Where SearchCallArgs takes the following params:
-
limit (int) (1): Number of results
-
leaf_count (int) (32): The number of leaves that to search. Increase it to search for more relevant documents, at the cost of a slower search time.
-
ranker_count (int) (4): The number of documents that are sent to EricRanker() for information extraction. Increasing this greatly decreases speed but improves accuracy.
-
bs (int) (32): Batch size for EricRanker's call.
from ericsearch import EricSearch, SearchCallArgs, RankerCallArgs
eric_search = EricSearch(data_name="EricFillion/ericsearch-hello-world")

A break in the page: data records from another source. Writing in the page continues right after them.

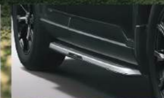
Running Board บันไดข้าง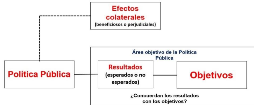
Gráfica 1. Efectos colaterales según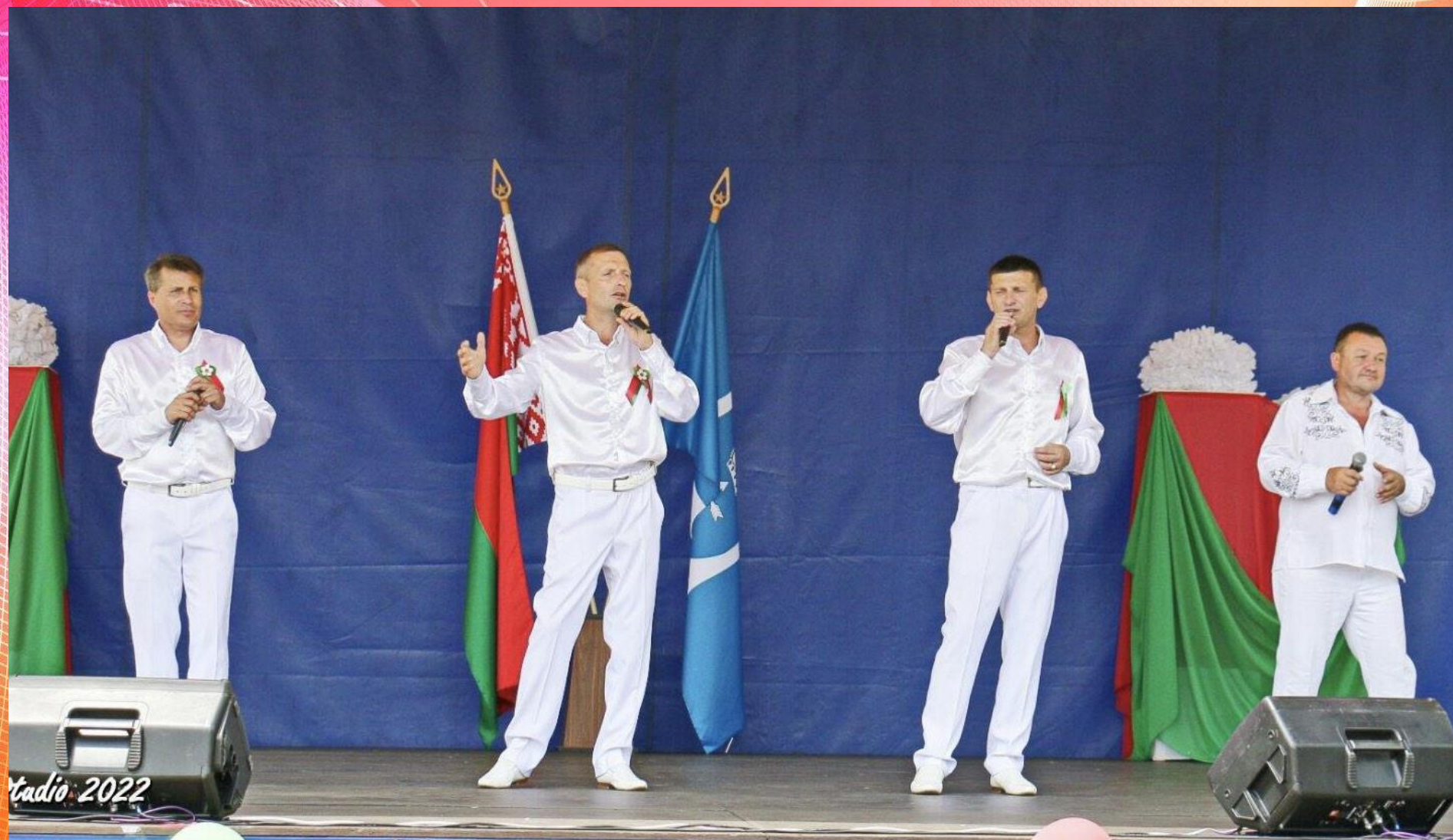
Народный ансамбль народной песни и музыки «Шляхтичи»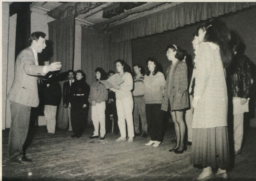
Ukrajinski pevski zbor „Cantus“

Tem nejasnostim brezdvomno botruje tudi strah Ukrajine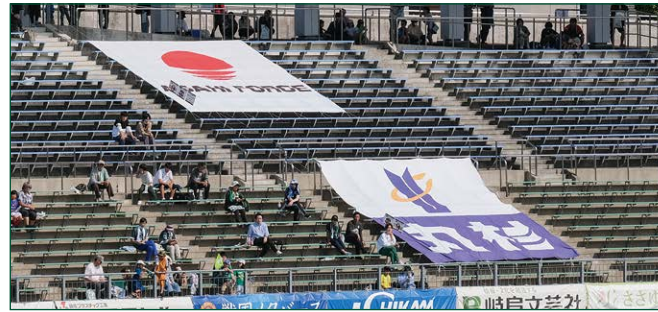
緩衝帯バナー 2 枠 ●サイズ/W5.5m×H5.7m ●色数/カラー4色 (特色指定可) ※別途制作管理費として275,000円(税込)が加算されます。 ¥3,300,000 (税込)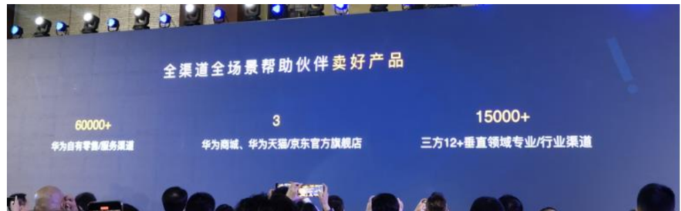
图 14：全渠道全场景帮助鸿蒙伙伴卖好产品

帮伙伴卖好产品 ：全渠道全场景帮助伙伴卖好产品，除了电商平台的华为旗舰店、华为商城，华为预计新增 15000 家第三方线下渠道店，帮所有的生态伙伴销售 HarmonyOS Connect 的产品。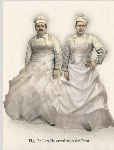
Fig. 3: Les Hazershoks de Pest

Dans l'île, la nuit tombée, les Hazershoks préparent le sacrifice rituel de Duna, leur égérie. Andreï, tombé sous le charme, libère Duna de sa cage dorée, mais leur relation est impossible, Le Danube s'empare d'Andreï et le noie. Flottant sur le Fleuve, Père Courage vient recueillir Duna sur son dos, et l'emmène au gré du courant, suivi par sa bande d'Hazershoks.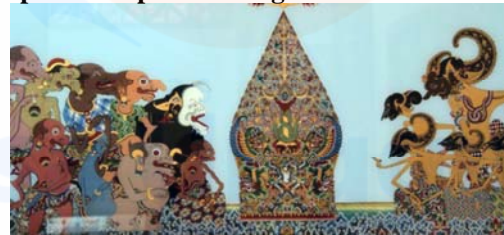
Gambar : Ilustrasi Punokawan dan Pandawa

Dewasa ini banyak galeri yang tidak optimal dalam penyajian pameran dengan desain interiornya khususnya “vitrin”, sehingga estetika dan fungsi di galeri itu terkadang kurang ideal bahkan hilang sama sekali saat pengunjung berada di dalam galeri. Padahal itu merupakan salah satu modal yang besar bagi galeri untuk menonjolkan keunikannya dan fungsinya. Secara umum gaya perancangan vitrin untuk kain batik yang tepat dapat di usulkan adalah hasil dari transformasi motif batik “kawung” pada vitrin dengan pendekatan analogi dalam perancangan. Alasan pemilihan motif batik kawung karena memiliki filosofi yang tinggi sebagai “wadah”. Adapun Kawung, yang dilihat sebagai Kostum Punokawan, jangan berkecil hari, Karena Punokawan adalah Jelmaan Dewa yang dikutuk ke Bumi dan menghamba pada Pandawa. Jadi filosofinya tinggi, sebagai “wadah” atau pembantu bagi yang utama yaitu Raja (keluarga Pandawa). Punakawan dan Pandawa, adalah sejoli, seperti vitrin dengan batiknya. Vitrin sbg simbol Punokawan (wadah) yang disimbolkan berupa ide gagasan bentuk based on stilisasi / penyederhaan motif batik. Dengan adanya desain interior khususnya vitrin untuk koleksi kain batik tulis ini diharapkan tercipta sebuah penyajian vitrin yang ideal untuk batik tulis sebagai karya adiluhung.

args = SearchCallArgs(limit=2, leaf_count=32, ranker_count=4, bs=32)
result = eric_search("42", args=args)
print(result[0].text) # str
print(result[0].best_sentence) # str
print(result[0].metadata) # dict
The result is a list containing HDResult object, where the number returned is determined by limit. Each HDResult contains the following parameters:
-
text: Typically a pargraph for the most relevant text.
-
best_sentence: The sentence with the highest score for the text parameter.
-
metadata: Any metadata provides during training that relates to the text parameter.
Train
JSONL Format
The training data is provided as JSONL files with the following fields:
-
text: A string that contains the text data for the case.
-
metadata (optional): A dictionary that contains metadata for the specific case. Each metadata dictionary unique keys.
{"text": "TEXT 0 ", "metadata": {"id": 0, "other_data": "text"}}
{"text": "TEXT 1 ", "metadata": {}}
{"text": "TEXT 1 "}
Code
EricSearch's .train() method takes the following parameters:
- train_path (str): A path to aa JSONL file or a directory that contains JSONL files formatted properly.
import json
from ericsearch import EricSearch, SearchTrainArgs
eric_search = EricSearch()
train_path = "train.jsonl"
train_data = []
for i in range(0, 100):
train_data.append({"text": f"This is a sample train case {i}", "metadata": {"number": i}})
with open(train_path, "w", encoding="utf-8") as f:
for train_case in train_data:
f.write(json.dumps(train_case) + "\n")
args = SearchTrainArgs(leaf_size=4)
eric_search.train(train_path=train_path, args=args)
d = eric_search("42")
print(d[0].text)
Push to Hugging Face's Hub
Use EricSearch's push method to push to Hugging Face's Hub. It has the following parameters:
-
repo_id (str) (required): The Hugging Face ID
-
private (bool) (True): Repository's visibility. When True a private repository is made, when False it's public.
-
bs (int) (4): Number of files that are pushed per commit.
-
branch (str) (main): What branch to push to
-
overwrite (bool) (False): Overwrite files in the Hugging Face repo.
from ericsearch import EricSearch
out_dir = 'data/eric_search'
# load from the out_dir from training
eric_search = EricSearch(data_name=out_dir)
eric_search.push(repo_id={REPO ID GOES HERE}, private=True, bs=4)